Wordsworth revolutionized English poetry. The past was over; capital-R Romanticism had arrived. But what was the big deal?
Wordsworth said, over and over again, that he would write in “the real language of men.” The fancy-pantsy poetic language of his predecessors, the “gaudiness and inane phraseology of many modern writers,” all that’s out. In his poems the language would be plain. His poems, if recited on the streetcorner, could be mistaken for just some guy talking.
But what seems natural in one age, in a later age may appear stilted and artificial, and from this common fate Wordsworth also suffers. Near the beginning of “Tintern Abbey” (one of his most well-regarded poems) we read
The day is come when I again repose Here, under this dark sycamore, and view These plots of cottage-ground, these orchard tufts, Which, at this season, with their unripe fruits, Among the woods and copses lose themselves, Nor, with their green and simple hue, disturb The wild green landscape.

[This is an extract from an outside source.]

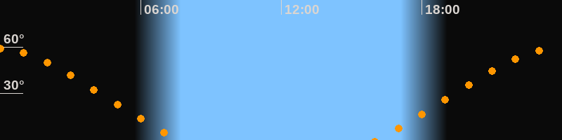 Höchster Stand (Kulmination)23:48 Uhr (h = 59°)
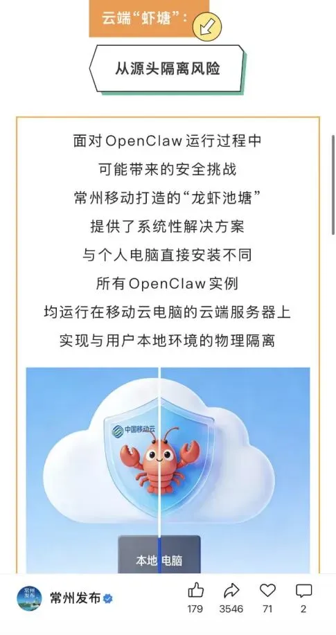 就在民间“养虾”乱象丛生时,江苏多地官方的举措显得格外清醒。南京、无锡、常州等地先后推出“免费送龙虾”政策:常州提供免费安装与使用时长,无锡发布“养龙虾 12 条”,最高给予500万元产业补贴,同时强调“云端安全部署”“最小权限原则”,从源头规避数据风险。

But the “real language of men” rarely “reposes.” The real language of men is not so well-populated as this passage with adjectives and strings of subordinate clauses and prepositional phrases. In the real language of men, plots of ground lose themselves among the woods; they do not “among the woods lose themselves.” The real language of men doesn’t go on and on so. But Wordsworth has simply been defeated by his own success. If Wordsworth is out-realed by, for example, these lines from Robert Frost’s “Mending Wall”:
I let my neighbor know beyond the hill; And on a day we meet to walk the line And set the wall between us once again.
it is only because Wordsworth showed the way. The fair comparison is not to what came after, but to what came before, and in that comparison, Wordsworth wins:
In these deep solitudes and awful cells, Where heav'nly-pensive contemplation dwells, And ever-musing melancholy reigns; What means this tumult in a vestal's veins? (Alexander Pope, “Eloisa to Abelard,” lines 1-4)
In his choice to write as people really talk, Wordsworth was both supremely confident and extremely insecure.1 His and Coleridge’s Lyrical Ballads was published in 1798, and to the second edition, which appeared in 1800, Wordsworth felt the need to add a Preface, which he expanded in 1802. He had been advised to provide “a systematic defence of the theory upon which the poems were written,” but to do this, he was “unwilling”; instead he deigned to provide “a few words of introduction.”